Debunking myths about Airflow’s use cases
Airflow fact vs fiction, Part 3

Introduction
Apache Airflow has significantly evolved from its origins at Airbnb in 2014, from mostly orchestrating ETL pipelines into the industry standard for complex data workflows, powering everything from machine learning and GenAI, infrastructure management to mission-critical analytics (the exact topic of this post!). Yet outdated narratives and misconceptions persist, despite major advancements, including in the recent Airflow 3.0 release. In this series, we’re separating fact from fiction to clarify what’s true, what’s changed, and what’s simply misunderstood.
In Part 1 of this series, we looked at some of the most persistent myths about Airflow’s user experience, focused on DAG authoring, local development, and dynamic pipelines. In Part 2, we looked at Airflow’s architecture and performance, digging into scaling, scheduler reliability, and processing data.
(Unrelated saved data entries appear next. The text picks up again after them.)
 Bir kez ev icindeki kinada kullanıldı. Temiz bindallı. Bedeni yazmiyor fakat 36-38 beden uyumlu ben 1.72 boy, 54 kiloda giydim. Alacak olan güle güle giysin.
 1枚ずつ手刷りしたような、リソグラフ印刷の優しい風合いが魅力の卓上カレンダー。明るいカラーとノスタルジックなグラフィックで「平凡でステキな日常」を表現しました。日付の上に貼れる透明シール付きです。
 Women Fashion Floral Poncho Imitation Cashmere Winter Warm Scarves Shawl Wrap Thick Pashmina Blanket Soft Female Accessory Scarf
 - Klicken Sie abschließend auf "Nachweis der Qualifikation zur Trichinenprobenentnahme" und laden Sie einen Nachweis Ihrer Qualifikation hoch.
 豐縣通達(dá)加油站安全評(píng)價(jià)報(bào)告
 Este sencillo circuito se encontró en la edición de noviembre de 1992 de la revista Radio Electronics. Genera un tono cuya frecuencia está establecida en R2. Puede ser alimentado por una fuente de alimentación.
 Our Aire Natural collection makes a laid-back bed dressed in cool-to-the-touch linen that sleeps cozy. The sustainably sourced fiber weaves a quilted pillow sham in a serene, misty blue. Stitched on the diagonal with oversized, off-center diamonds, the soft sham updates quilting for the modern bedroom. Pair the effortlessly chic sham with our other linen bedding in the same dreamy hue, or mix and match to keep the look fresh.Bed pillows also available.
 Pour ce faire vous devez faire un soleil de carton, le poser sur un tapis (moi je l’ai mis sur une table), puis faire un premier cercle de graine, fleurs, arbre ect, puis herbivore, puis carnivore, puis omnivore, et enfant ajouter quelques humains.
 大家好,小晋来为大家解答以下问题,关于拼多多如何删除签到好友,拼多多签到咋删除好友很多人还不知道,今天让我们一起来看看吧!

A consistent theme was that valid critiques from older versions of Airflow have stuck around, even though Airflow has evolved significantly.
Similarly, it’s still common to hear that Airflow is “just for batch ETL” or “isn’t built for AI workflows.” Others suggest it’s not ideal for modern, event-driven or real-time systems—or that it’s legacy tech altogether. These claims often overlook just how widely Airflow is used today, and how the project has continued to evolve to support an expanding range of orchestration needs across teams, industries, and use cases.
So in this post, we’ll explore where Airflow fits in the modern data stack: what it’s great at, where it still isn’t the best choice by itself, and how teams are using it today to power everything from ETL pipelines to complex GenAI workflows to managing infrastructure.
Let’s get into it.
Statement: Airflow only supports time-based schedules for pipelines
Verdict: Fiction
This statement has never really been true. It may come from the fact that Airflow was designed for batch workflows, which often run on a regular schedule, but even in early versions of Airflow scheduling wasn’t limited to cron-like intervals. Features like sensors allowed pipelines to wait for external conditions (e.g. a file arriving in a bucket) before proceeding, so Airflow has long offered scheduling flexibility beyond simply running on a clock.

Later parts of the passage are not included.